Corporate car hire has been through a revolution over the past couple of years.

Faced with recession, funding cuts and supply shortages on an unprecedented scale, rental firms have been forced to consider new ways to source cars and develop new forms of hire agreement to boost service levels and retain fleet business.

The birth of flexi-hire and flexi-lease, the missing links between short-term hire and contract hire, have been seized by fleets that are reluctant to over-commit to three or four-year leasing deals.

Flexi-hire/lease accounts for a growing number of purchases in the corporate sector – in vans alone it rose from 11% to 16% of total registrations last year.

Most rental firms and many contract hire companies now offer products for cars and vans.

Rental has effectively gone from a short-term stop gap measure to a longer-term tactic, one that has become a core part of many fleets’ company car policies.

Benefiting from this resurgence is Avis which two years ago set out a new strategy to reposition itself as a viable contender in the fleet sector.

The company had, by its own admission, taken its eye off the corporate ball as it concentrated on developing its retail business, but now recognised that fleets offered a significant opportunity for growth.

The three-year so-called “turnaround strategy” included doubling the size of the corporate team, as Avis invested in account managers, field sales, business development and back-up support to providing a compelling reason for fleets to switch supplier.

The results have been instantaneous: two years of double-digit growth in corporate business, including a 20% rise alone in 2010.

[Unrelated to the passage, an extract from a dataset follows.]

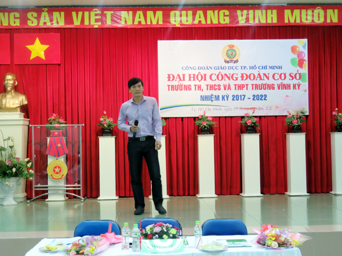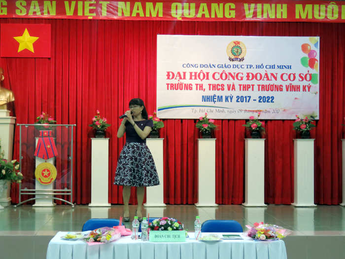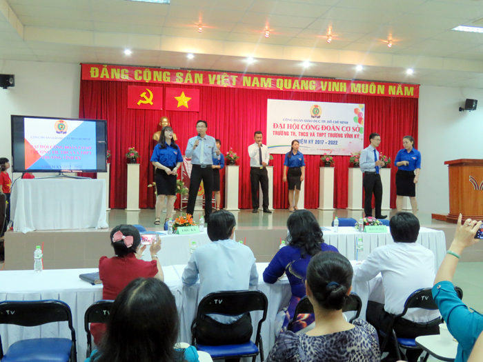 Căn cứ vào Kế hoạch năm học 2017-2018 của trường TH, THCS và THPT Trương Vĩnh Ký, thực hiện Kế hoạch số 78/KH-CĐGD ngày 21 tháng 4 năm 2017 của Công đoàn ngành giáo dục Thành phố Hồ Chí Minh về tổ chức Đại hội Công đoàn Giáo dục các cấp tiến tới Đại hội XI Công đoàn Giáo dục Thành phố Hồ Chí Minh, thực hiện phương châm của Đại hội: “Đổi mới, dân chủ, đoàn kết, trách nhiệm”, vào lúc 14g00, ngày 09 tháng 9 năm 2017 tại Trường TH, THCS và THPT Trương Vĩnh Ký đã long trọng tổ chức Đại hội Công đoàn Cơ sở nhiệm kỳ 2017 – 2022.

Avis’s rental fleet has grown from around 17,000 to 20,000 cars while a forward orders book increase of £30 million on 2009/10 is likely to see even more vehicles added.

Anthony Ainsworth, Avis’s newly-appointed commercial director, says the company laid out its growth aspirations at a time when some other rental firms were scaling back due to the recession and rising difficulties in sourcing vehicles from manufacturers.

“We wanted to re-establish Avis in corporate, lease and SME and we have won business all these segments,” he says.

“Two years ago we had to do a lot of knocking on doors; now we have people knocking on our door.”

In addition to heavy investment in the corporate team, Avis claims its success has come from getting the basics right: delivering cars on time, beating its service level agreements and offering quick and easy billing.

Contracts are typically for two or three years for a set volume of hire days and car mix, plus an agreed performance matrix which Avis reports on monthly or quarterly.

The prices are set up front with a promise that they will not change mid-contract.

KPIs tend to cover the following areas:

  • Query ratio – the number of bill, damage or service queries per thousand vehicles
  • On time deliveries
  • Car availability
  • Damage queries as a percentage of rental numbers, plus speed with which they were resolved.

Larger corporate customers can use Avis’s demand forecasting tool which tracks rental histories and enables it to plan ahead. It improves car availability and helps the customer to budget more accurately.

Avis’s new Wizmap delivery and collection tracking system, currently being rolled out, will improve efficiency as well as enabling Avis to optimise deliveries nationally based on requirements and demand.

“We can see our entire 20,000 fleet and check what’s available where and when,” says Ainsworth.